We keep getting excuses for why things are not working. We are rebuked and insulted by public officials and Government aides. We have become whipped and accepting. We blame ourselves for the lack of social development. We invest government with resources then absolve it of responsibility. Instead, we challenge ourselves to work harder, to do better. And when our social critics call out government, we tell them to shut up or “proffer solutions” we ask  them: "what have you done in your own little way to make Bayelsa better?". Think of that: we order our social critics to fix things while we accept excuses from our elected leaders. Of course, our public intellectuals have degraded from the irreverent impartiality of unyielding social thinkers to the simpering partisanship of special advisers 'wannabe'.

This is madness.

If you criticize government, you are opposition. If you criticize opposition, you are government. When will they realize that some of us are ONLY interested in good governance?
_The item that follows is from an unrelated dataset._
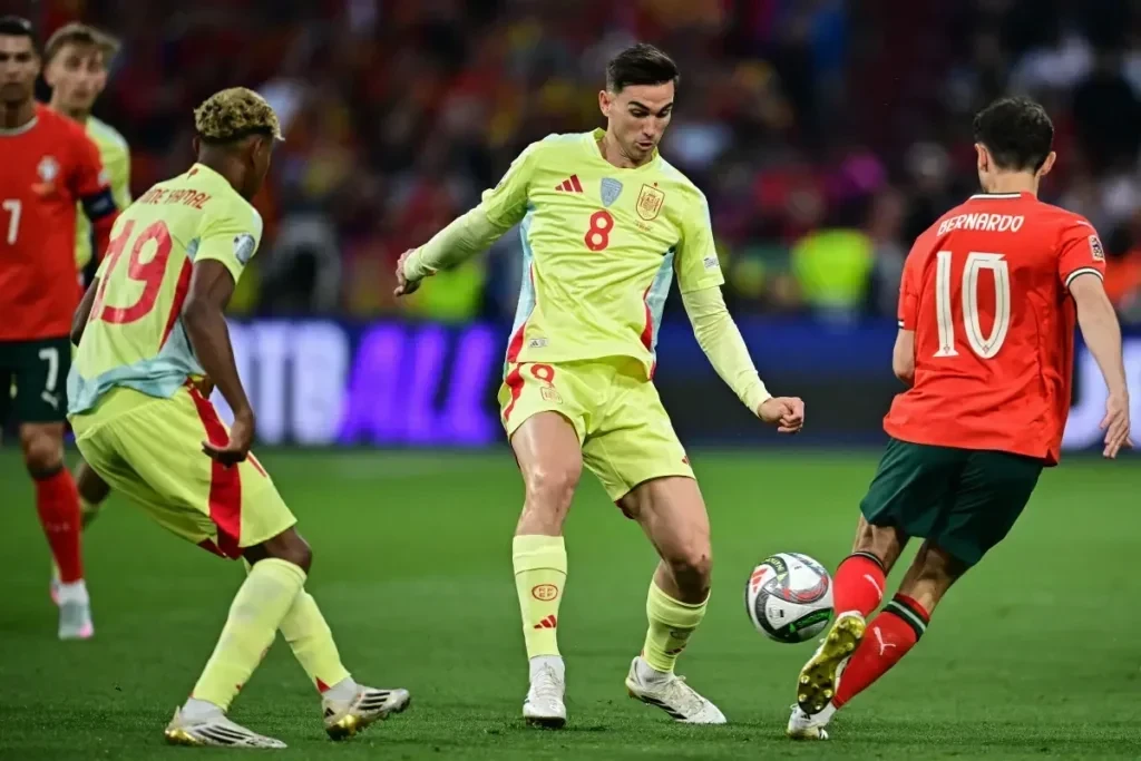 Foi aos 20 minutos que a Espanha abriu o placar na grande decisão. Lamine Yamal alçou bola dentro da área. Ruben Dias cortou mal e a bola sobrou na pequena área. O goleiro Diogo Costa saiu do gol para ficar com ela, mas antes João Neves tentou afastar. O português entregou nos pés de Zubimendi, que completou para o fundo das redes.

The station of Bayelsa state is depressing. We are at fault for this, but not because we are lazy as the Governor said, stupid or rumour mongers. We are no more lazy, stupid or rumour mongers than the citizens of most developed states. Instead we are at fault because we love our government officials more than we love ourselves. Because they are more Ijaw than we who voted them into power. We respect corrupt public authority more than we respect our dignity. Because we have turned government into religion, replacing healthy cynicism with blind faith. And obvious truth with unflinching hope. We look at each other with angry eyes, like we want to scream and curse at this Government but it is as if hunger has finally silenced us.

Those who speak the truth are the enemies of IJAW. Those who asks genuine questions are tagged state enemies. There's too much pretence. Too much lies. Too much cover ups. And excessive sycophancy. Those who speak the truth are 'blacklisted.' Facebook accounts are for sale. Facebook Overlords after their own bellies. Journalists are slaughtered by brown envelops. The story of Bayelsa. Almost everything in Bayelsa is a scam. Organised scam against common people. It's such a shame.

And now we are on our own.

Because those who foist this on us are silent. No one is saying anything, and no one cares to ask why the unusual silence from the Godfathers.

Difficult times are coming. But we have to start demanding better things. We have to stop comparing ourself negatively with like states and start comparing ourself positively with other states. If Anambra can do it, so can Bayelsa state. We have to stop being schoolchildren, grateful for small favours. We have to develop the confidence to demand, to learn dissatisfaction. There is no magical change out there. Only our collective interrogation of this government will force a change for the better. We have to #OccupyCreekHavean till we get our entitlements.